While retail-specific schemes saw a measurable uptick, there are proactive steps merchants can take to mitigate the risk of a breach. Here are some common schemes followed by strategies for how to avoid them.



This type of malware permanently blocks access to a victim's personal data unless a ransom is paid. A well known ransomware attack in 2023 left guests unable to use hotel keycards, slot machines, ATMs, and credit card machines at hotels and casinos that were vulnerable to a breach.


Enumeration attacks

Fraudsters use automated testing on ecommerce transactions to effectively guess the full payment account number, CVV2, and/or expiration date behind an online transaction. Visa Account Attack Intelligence (VAAI) uses machine learning to help identify enumeration attacks and notify affected merchants to block the attack.  


Digital skimming attacks

Fraudsters harvest consumer payment account data, such as primary account number, CVV2, expiration date, and personal information, by deploying malicious code onto merchant websites.

Triangulation fraud

Illegitimate online merchants take a customer’s order and charge the customer’s payment account. They then use an unassociated, legitimate merchant to fulfill the customer’s order and pay for the goods or service using stolen payment account information.


Gift card fraud

Visiting brick-and-mortar retailers, fraudsters will steal physical gift cards directly from store racks, and then physically manipulate the barcode. When a customer purchases the gift card and loads funds at the register, the funds are sent to the threat actor.


Purchase return authorization (PRA) attacks

Fraudsters either compromise legitimate merchants or onboard fake merchants to large ecommerce marketplaces, and initiate purchase return authorizations when there was in fact no initial purchase. 


Tips to prevent fraud


Here are some strategies for merchants to mitigate the rising threat of fraud:

  • Constantly monitor for new and emerging security technology that can help your business mitigate fraud, and make sure to run updates on security software.

  • Use strict cardholder authentication controls to ensure a customer is a legitimate cardholder.

  • Implement multi-factor authentication (MFA) on all administrator and employee accounts, especially accounts with access to sensitive card information. 

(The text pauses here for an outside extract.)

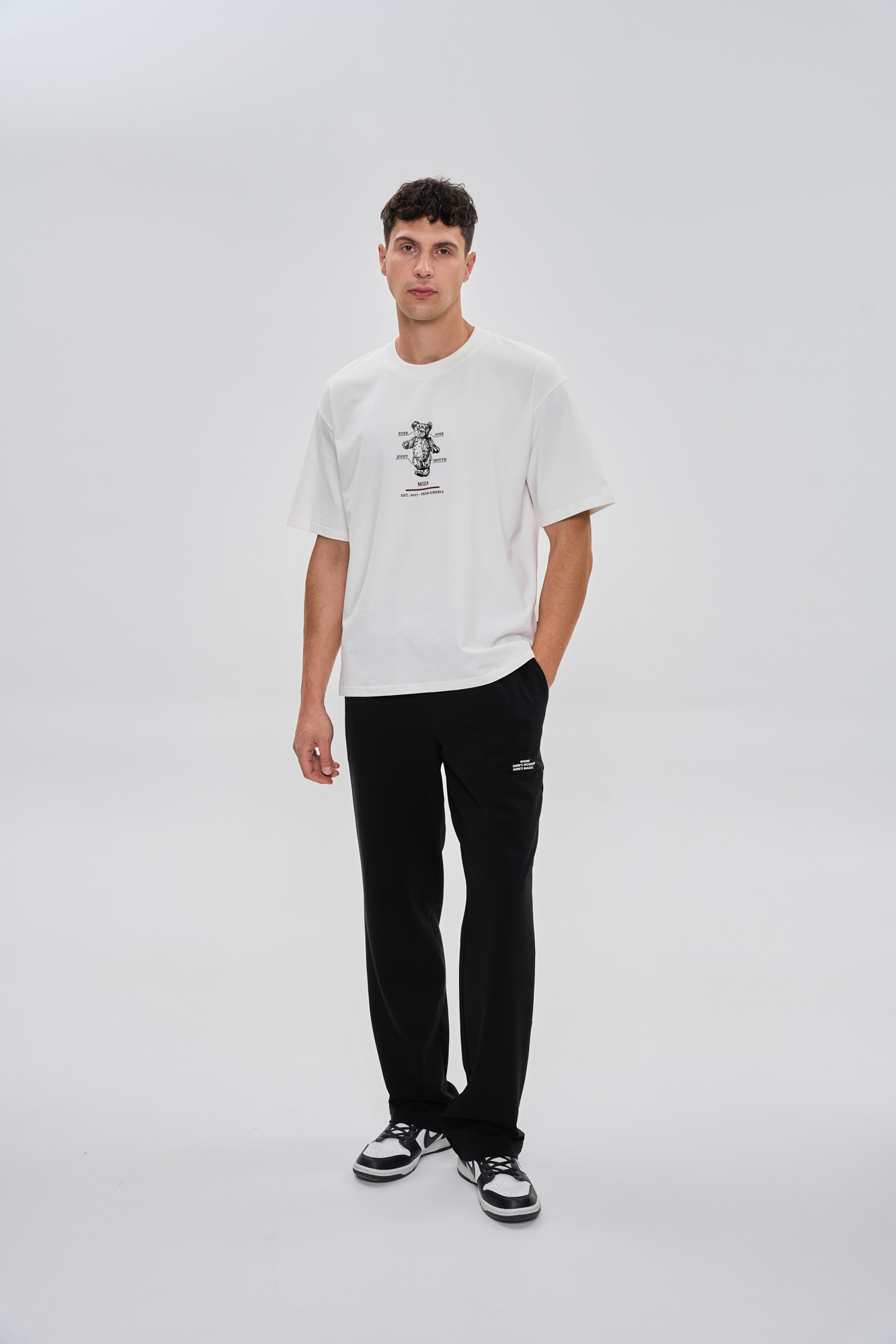Костюм состоит из базового футболки прямого кроя и брюк.

  • Provide each admin user with their own user credentials. User accounts should also only access permissions vital to their job. Merchants should perform audits on admin accounts to remove any non-essential users and add other security hardening practices, such as enabling MFA and IP-restricting access. 

  • Turn on heuristics (behavioral analysis) on anti-malware to search for suspicious behavior and update anti-malware applications. 

  • Secure remote access with strong passwords, ensure only necessary individuals have permission for remote access. Disable remote access when not in use, and use two-factor authentication for remote sessions.

If you think your business is a victim of fraud, isolate the affected systems, take them offline, and report the breach to the Federal Trade Commission at ReportFraud.ftc.​​gov.

Visa fraud disruption efforts have resulted in significant crackdowns on cybercrime with the help of global law enforcement and government agencies. In the first half of 2023 alone, Visa cybersecurity professionals, technology and processes have helped protect against $30 billion in fraud.